22 - 𝓶𝓸𝓶

19.1K 1.2K 92
                                    

"Are you sure you know your way around the neighborhood well enough?"

The sound of Miles' claws clicking against the floor tiles in the kitchen nearly drowned out Amy's question as she held out his retractable leash in her hand, the metal hook for his collar clanking against the red plastic handle.

He seemed to recognize it, ears perked and eyes intently watching her movements as he sat in front of her, like he was trying to sit like a good dog but the excitement was enough to make his front paws jitter on the floor and his tail to rapidly thwack against the corner of the island. When Amy still hesitated, he scooted closer to her, enthused and enraptured by the leash in her hand.

It had been a couple of hours since David and I came home from the police station in Shiloh, since the interview with Detective Marsh and Officer Porterfield ended, and I spent the hour drive back to Shelridge slumped against the passenger seat, feeling drained and dissatisfied. It seemed like the questions were endless, even the ones about things I didn't even know—like how Mom's new job was going past good, I guess, or if she was still close with anyone from her side of the family—and I went from thinking I knew my mom better than anyone to realizing I didn't know much about her at all.

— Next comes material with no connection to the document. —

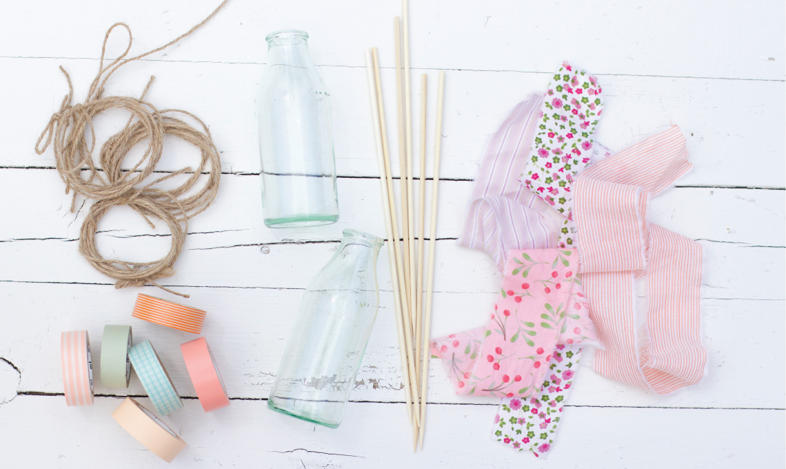 - Decora ogni bottiglia con stoffe diverse ma con sfumature di colore simile per un effetto cromatico armonico

I didn't know the names of her childhood friends who might still live in town, or where she got her pills from, or if her addiction was a result of depression or not. I didn't know how or why she started using, or who would've hated her enough to actually strangle her. Even when he asked me when I last her, it seemed to disappoint everyone when I said I left for school and she was just asleep on the futon like normal. The detective hesitated, though, before asking me if it looked like she was breathing.

Like she could've been strangled with me in the trailer with her.

But I knew she hadn't been, I knew she was alive when I left because she was snoring. She smoked, so her snore was always loud and rattled against the walls of the trailer like it did in her lungs when she breathed. I had left for school, and she had been fine. She didn't have to work that day so I didn't know what she had planned between then and picking me up so we could pick out flowers for my garden. But that wasn't what frustrated me the most. It was when Detective Marsh started asking questions about me, how I felt about my mom, what our relationship was like.

It was going pretty alright until he asked me if my mom ever did anything to make me angry. I could feel David staring at me, like he had been for the whole interview like he was looking for answers from me too or just wanted to make sure I didn't say anything to damage his political reputation, and I didn't want to admit the truth in front of him. I didn't want to see that look on his face, one of pity or embarrassment or something, so I shrugged and said no. Not really. I didn't like that she used, but I wasn't angry with her.

I knew enough about addiction to know it's not some sort of logical choice, even if it did feel like a choice, nonetheless. Anger felt like a word that was red hot, blazing and destructive, and that didn't seem to fit my feelings about her addiction. I was disappointed, and maybe felt some lesser version of angry, but not the whole of it.

What did make me angry was the night she drove me to the ATM, made me seethe to point of locking her sobbing outside, but I didn't kill my mom, so it wasn't like it was relevant. But there was still an uncomfortable part of me that squirmed at the thought of lying to someone investigating my mother's murder. And that was so frustrating to me, but I didn't know David to know that about her, or about me.

So, after a couple of hours wandering around the lake-house in an attempt to avoid Natalie—who had spent her afternoon getting highlights in her hair, running her fingers through the professional curls and recounting the experience in detail for me in the living room when I thought about watching a movie—I found Amy with Miles in the kitchen. He had his whole body against the floor, lying down in that way that makes dogs look like someone just knocked me over and they didn't have the will to get up, and I felt like I needed to do something.